For mounts that should survive reboots, add entries to /etc/fstab. This file tells the system what to mount at boot time. The fstab format has six fields: device (server:/export for NFS), mount point, filesystem type (nfs), options, dump (0 for NFS), and pass (0 for NFS - no fsck needed). For NFS in fstab, always include the bg option. This prevents boot hangs if the NFS server is unavailable - the mount retries in background while boot continues. The soft option with timeout also helps - failed mounts return errors rather than hanging forever. Set dump and pass to 0 for NFS. These are for local filesystem backup and fsck ordering, which do not apply to network mounts. After editing fstab, always test before rebooting. Run mount /mountpoint to mount just that entry, or mount -a to mount all fstab entries. If there are errors, fix them before rebooting.
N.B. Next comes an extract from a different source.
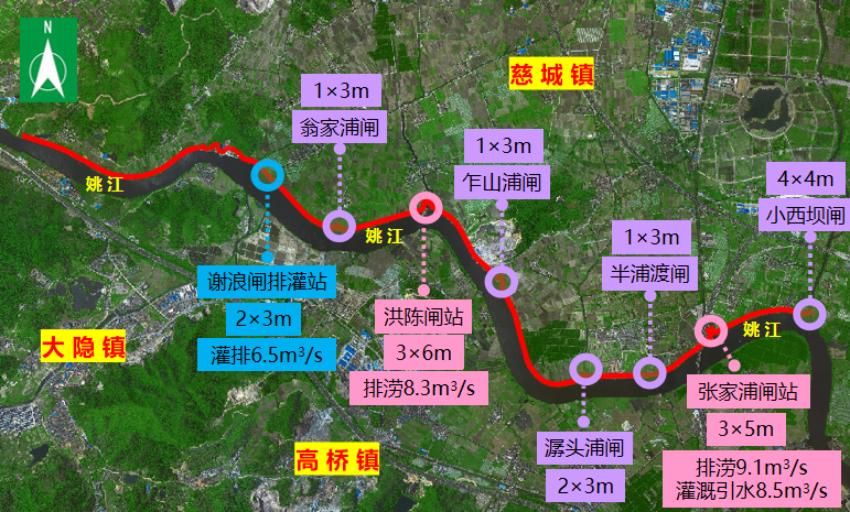 江北區(qū)姚江干流堤防維修加固工程(慈城段)位于寧波市江北區(qū)慈城鎮(zhèn),主要內(nèi)容為:整治堤防長度10.25km,新建閘站2座、水閘5座,維修加固排灌站1座。本工程在滿足防洪排澇的前提下,綜合考慮水利設施的造型美觀及河濱的綠化、休閑等,滿足人們親水及游樂的需求。

A broken fstab entry can drop your system to emergency mode or hang the boot process.

Unmounting NFS

# Unmount an NFS share
[root@client ~]# umount /mnt/data

# If busy, find what is using it
[root@client ~]# umount /mnt/data
umount: /mnt/data: target is busy.

[root@client ~]# fuser -mv /mnt/data
                     USER        PID ACCESS COMMAND
/mnt/data:           root     kernel mount /mnt/data
                     alice      1234 ..c.. bash
                     alice      1235 ..c.. vim

# Options when busy:
# 1. Close applications using the mount
# 2. Change directory away from mount
# 3. Lazy unmount (detach now, cleanup when idle)
[root@client ~]# umount -l /mnt/data

# 4. Force unmount (may cause data loss!)
[root@client ~]# umount -f /mnt/data

# Show all NFS mounts
[root@client ~]# mount -t nfs,nfs4

Caution: Force unmount (-f) can cause data loss if there are pending writes. Use only when necessary.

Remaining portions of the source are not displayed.